He introduced himself, reaching out to shake my hand.

His eyes were an unusually pale gray, brilliant and black needled. Those eyes allowed a flash of the volatility contained beneath his quiet facade, a sense of tautly restrained energy I had only seen once before, in Hardy. Except Hardy's charisma had been an invitation to draw closer, whereas this man's was a warning to stay back. I was so shaken by him, I had a hard time taking his hand.

"Liberty," I said faintly. My fingers were swallowed in his. A light, burning clasp, and he released me as quickly as possible.

I turned away blindly, wanting to look anywhere other than into those unsettling eyes, and I discovered a woman sitting on a nearby love seat.

She was a beautiful tall waif with a delicate face and puffy pneumatic lips, and a river of highlighted blond hair that streamed down her shoulders and over the arm of the sofa. Churchill had told me Gage was dating a model, and I had no doubt this was her. The woman's arms, no bigger around than Q-tips stems, hung straight from their sockets, and her hipbones protruded beneath her clothes like can-opener blades. Had she been anyone other than a model, she would have been rushed to a clinic for eating disorders.

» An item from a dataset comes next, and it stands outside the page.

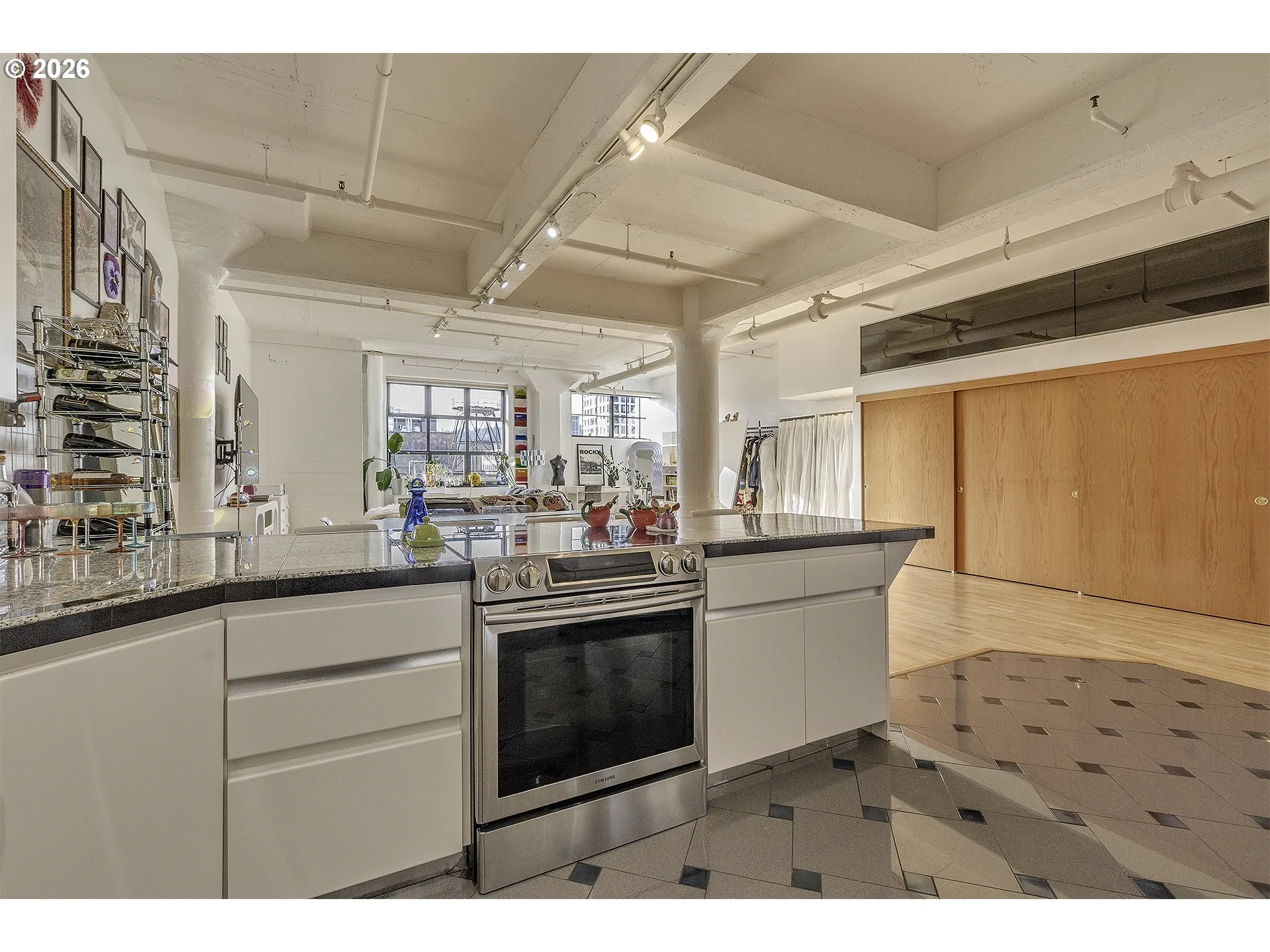 This condo is for those who want a large work/live loft with high ceilings, original warehouse windows, a full kitchen, in a beautifully-maintained move-in ready space. Unbeatable value for the size, priced to sell, in one of Portland Pearl District’s most iconic buildings – the historic Irving Street Lofts – with parking space included. Secure building with fob access to the entrance, elevator, garage, and rooftop deck (which has a 360-degree view with WiFi and rentable garden boxes). Located on one of the most sought-after streets in the Pearl. It’s safe and close to everything: NW 23rd, Forest Park, and Portland’s best restaurants & shops. Zoned to allow limited commercial use so you if you run a business, save on costs and run it from home!
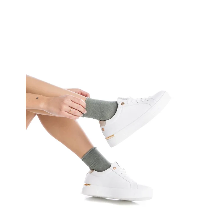 Zapatilla deportiva XTI, modelo en color blanco, parte traseras combinado en color oro, cierre de cordones planos, plataforma de 2 cm, puntera redonda y levantada para garantizar la comodidad.

I have never worried about my weight, which has always been normal. I have a good figure, a woman's shape with a woman's br**sts and hips, and probably more of a rear end than I would have wished for. I look good in the right clothes, not so good in the wrong ones. Overall I like my body just fine. But next to this spindly creature I felt like a prizewinning Holstein.

"Hi," I said, forcing a smile as her gaze swept me up and down. "I'm Liberty Jones. I'm...a friend of Churchill's."

She gave me a disdainful glance and didn't bother introducing herself.

I thought of the years of deprivation and hunger it would require to maintain such thinnness. No ice cream, no barbecue, never a wedge of lemon pie or a fried chile relleno pepper stuffed with melting white cheese. It would turn anyone mean.

Jack broke in quickly. "So where you from, Liberty'?"

"I..." I cast a quick glance at Carrington, who was examining a panel of buttons on Churchill's wheelchair. "Don't push any of those, Carrington." I had a sudden cartoonish vision of her triggering a catapult device in the seat cushion.

"I'm not," my sister protested. "I'm just looking."

I returned my attention to Jack. "We live in Houston, near the salon."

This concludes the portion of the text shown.